Okay, we give up. The film is called CU at 9. If anybody's ever interested, they can see the movie and find out. That is, if anybody's interested.

:-) Let me put things into perspective, so that you will (hopefully) never be interested:

1. Isaiah, the 'actor', tries to do a John Abraham (they used to call it 'a Salman Khan' in prehistory) without his shirt all the time.
2. He speaks like a retard returned from Timbuktoo.
3. The 'actress', Shweta, looks like from Bram Stoker's worst nightmare, in both her avatars: the goody-goody and the vamp (pun intended).
4. The 'actress no. 2', Aakanksha, is a snivelling piece of tissue paper who should have been tossed out with the garbage a long time ago. The only reason she's still there is because Isaiah needs her when he's horny and he mouths dreary come-on lines, and Vampire Gal is not available to seduce him.
5. Vampire Gal, aka Shweta, does a great porno film touchy-feely number that left me and my bro quite awkward around each other. (My bro is old-fashioned, yes.) She has the most grandmotherly bra ever!
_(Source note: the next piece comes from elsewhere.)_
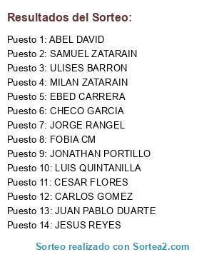 Lista de participantes: JESUS REYES, CHECO GARCIA, CARLOS GOMEZ, EBED CARRERA, ANGEL FDZ, WILLIAM CORVALAN, CESAR FLORES, ANGEL DURAN, DAVID URIBE, FRANK MEJIA, JARED REYNOSO, JORGE RANGEL, JONATHAN PORTILLO, JUAN DUARTE.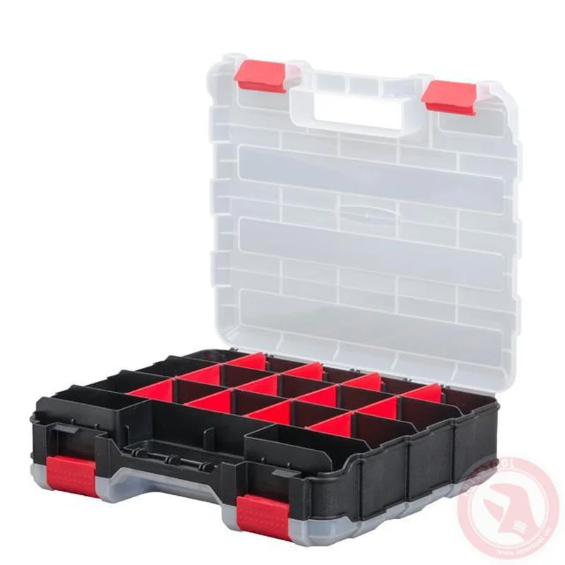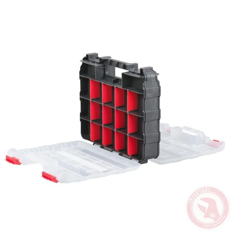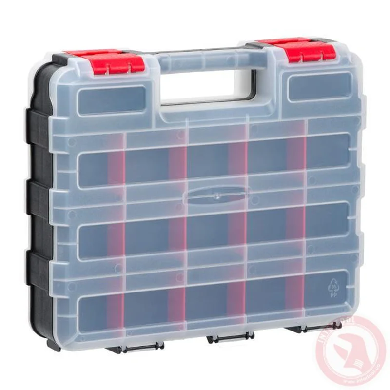 Зручний та місткий двосторонній органайзер (320х270х80 см) підходить для зберігання та транспортування невеликих предметів (дрібних кріплень, інструментів, фурнітури, запчастин, рибальського приладдя та ін.). Особливості Комірки розміщені по обидві сторони ящика: Ви можете зберігати в два рази більше дрібниць. Ребра жорсткості по всій поверхні органайзера роблять його міцним та надійним. Нічого не випадає та не змішується під час носіння, завдяки містким коміркам та надійним замкам. Знімні стінки дозволяють змоделювати розмір та кількість секцій. Органайзер прослужить Вам тривалий час, оскільки виготовлений з міцного, товстого пластику з посиленими ребрами жорсткості. У Вашому розпорядженні 34 секції: по 17 з кожної сторони. Стінки секцій знімаються і моделюється необхідний розмір комірки. Завдяки чому, Ви можете покласти інструменти, довжиною до 30 см! Кришка виготовлена з поліпропілену та посилена ребрами жорсткості. Стійка до сколів, що дозволяє зберігати органайзери один на одному. Прозорі кришки дозволять швидко знайти необхідну річ. Інструмент не розсипається, завдяки надійним замкам. Ручка посилена і повторює форму руки, що дуже зручно при транспортуванні. Візьміть органайзер у руки і Ви відчуєте, наскільки він надійно зроблений. З цим органайзером все необхідне завжди у Вас під рукою та на своїх місцях. Ящики для інструментів, органайзери, системи зберігання №1 в Україні. За результатами незалежного рейтингового дослідження у рамках проекту Українська Народна Премія 2021 року.

The movie has some great visuals, though. It looks like a music director tried to make it, and he botched up on every damn thing, except perhaps some of the interesting angles. It looks like an Art Film gone horribly, horribly wrong - the worst stereotype that Indies could ever hope to have!

The plot goes like this: horny ad film director meets this chick who calls him and wants to meet at (jackpot!) 9 pm: so they do, and they fuck like rabbits, but then things get complicated when he meets her alter-ego twin sister and screws her too. Actress no 2 is the on-again, off-again fuck for horny ad film director, in the background.

I walked out even before the interval, but am pretty sure that this is what happens in the end: Vampire Gal is a demented schizo with two egos, no twins - she's after director's blood - the end will probably have not-so-sati-savitri Actress no 2 save horny film maker from Vampire Gal's clutches.

Ta-da! End of movie. Paisa vasool?

Not bloody likely! The damn seats at Regal gave me a back-ache!